Work task
Each line of the material should be set down exactly. Pictures are not part of the copy.

Stored data
"""

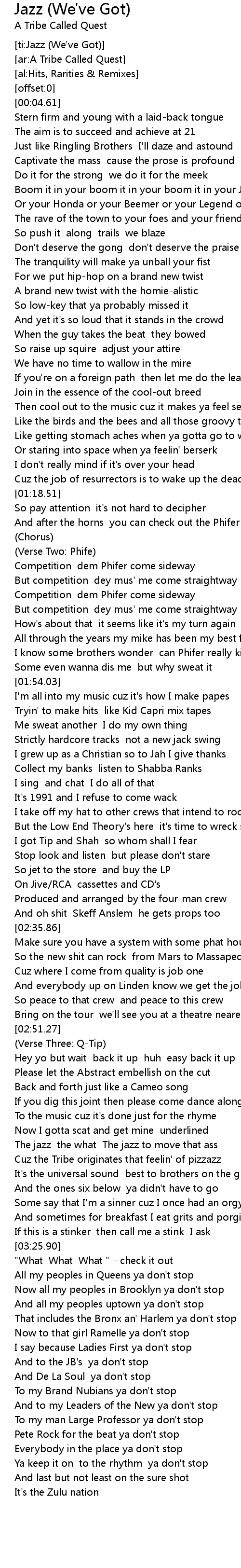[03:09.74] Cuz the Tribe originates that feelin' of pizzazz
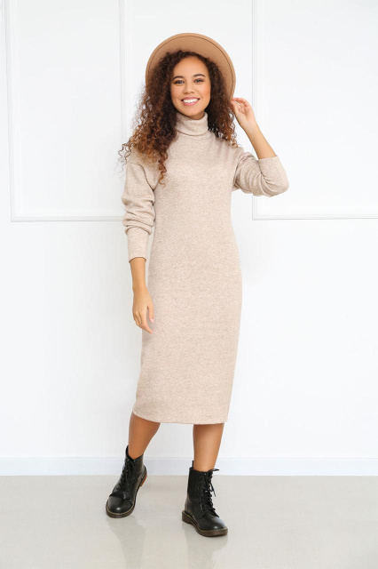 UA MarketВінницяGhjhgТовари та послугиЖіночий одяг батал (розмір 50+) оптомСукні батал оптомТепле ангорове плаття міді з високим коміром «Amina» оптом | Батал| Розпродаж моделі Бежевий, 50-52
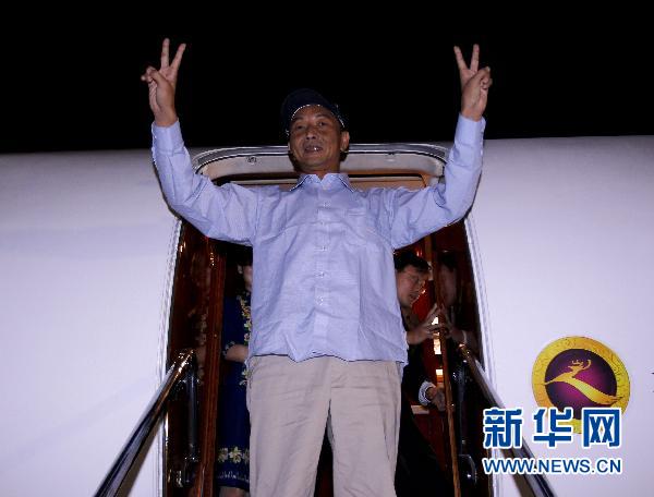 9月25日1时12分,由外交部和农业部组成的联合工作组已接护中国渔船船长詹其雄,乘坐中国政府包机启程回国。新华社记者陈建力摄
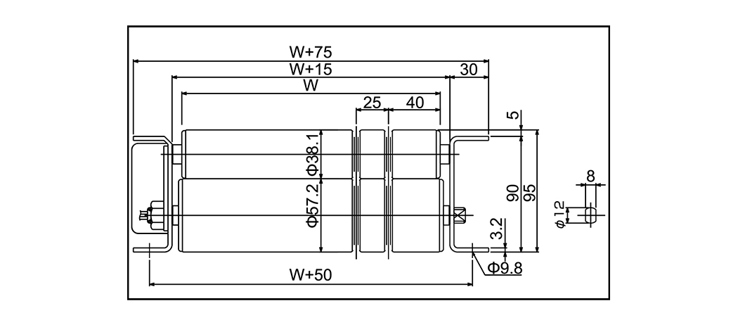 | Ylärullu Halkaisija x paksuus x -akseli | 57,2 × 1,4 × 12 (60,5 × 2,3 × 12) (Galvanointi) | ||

"""

Answer section
[03:09.74] Cuz the Tribe originates that feelin' of pizzazz
 UA MarketВінницяGhjhgТовари та послугиЖіночий одяг батал (розмір 50+) оптомСукні батал оптомТепле ангорове плаття міді з високим коміром «Amina» оптом | Батал| Розпродаж моделі Бежевий, 50-52
 9月25日1时12分,由外交部和农业部组成的联合工作组已接护中国渔船船长詹其雄,乘坐中国政府包机启程回国。新华社记者陈建力摄
 | Ylärullu Halkaisija x paksuus x -akseli | 57,2 × 1,4 × 12 (60,5 × 2,3 × 12) (Galvanointi) | ||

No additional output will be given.